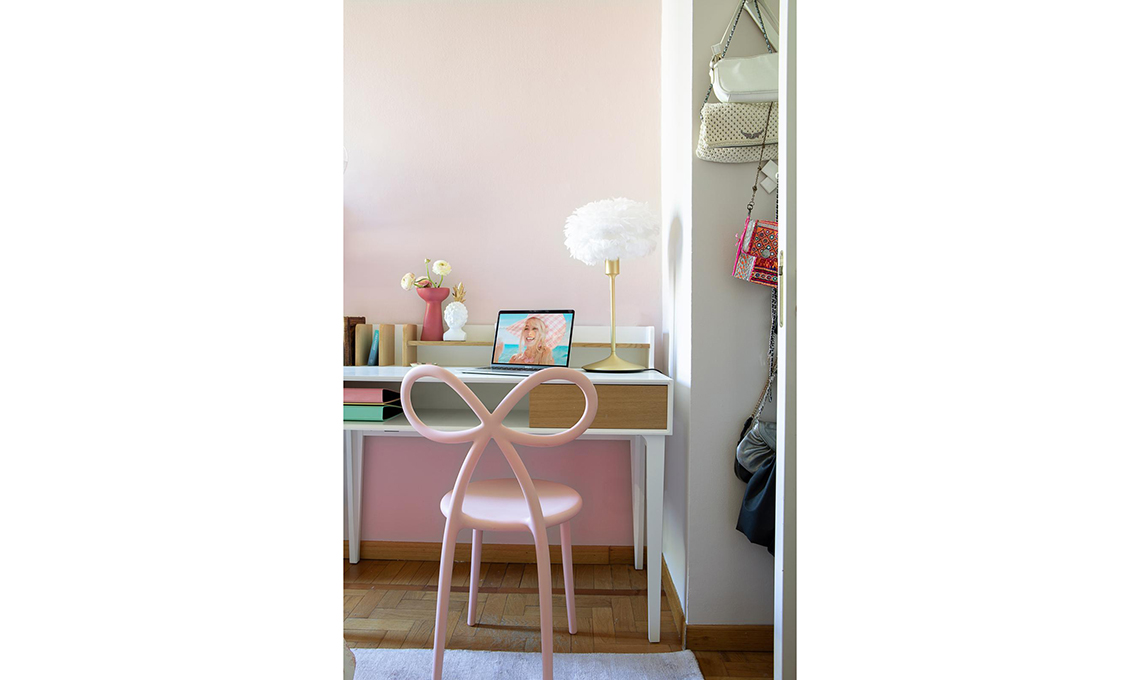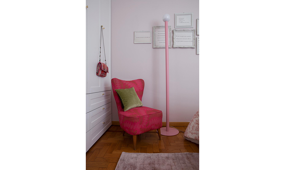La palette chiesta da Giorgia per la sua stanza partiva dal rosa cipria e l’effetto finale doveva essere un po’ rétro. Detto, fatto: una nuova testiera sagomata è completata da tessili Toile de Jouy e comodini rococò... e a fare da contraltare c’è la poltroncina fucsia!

==

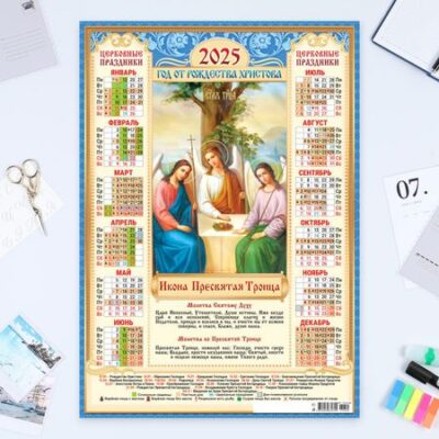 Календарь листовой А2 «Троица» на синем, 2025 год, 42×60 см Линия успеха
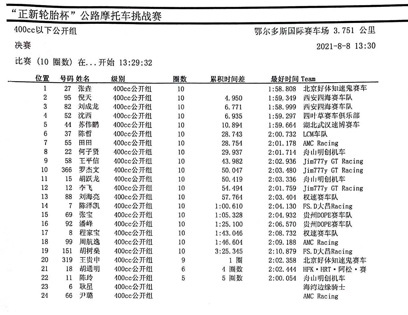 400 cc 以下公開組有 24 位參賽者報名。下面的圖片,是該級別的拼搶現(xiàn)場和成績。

→ **ASSIGNED TASK**
Precisely those lines above that run from the line with "Календарь листовой А2" up to and including the line with "400 cc 以下公開組有" are to be set down, with the pictures omitted.

→ **TASK RESULT**
 Календарь листовой А2 «Троица» на синем, 2025 год, 42×60 см Линия успеха
 400 cc 以下公開組有 24 位參賽者報名。下面的圖片,是該級別的拼搶現(xiàn)場和成績。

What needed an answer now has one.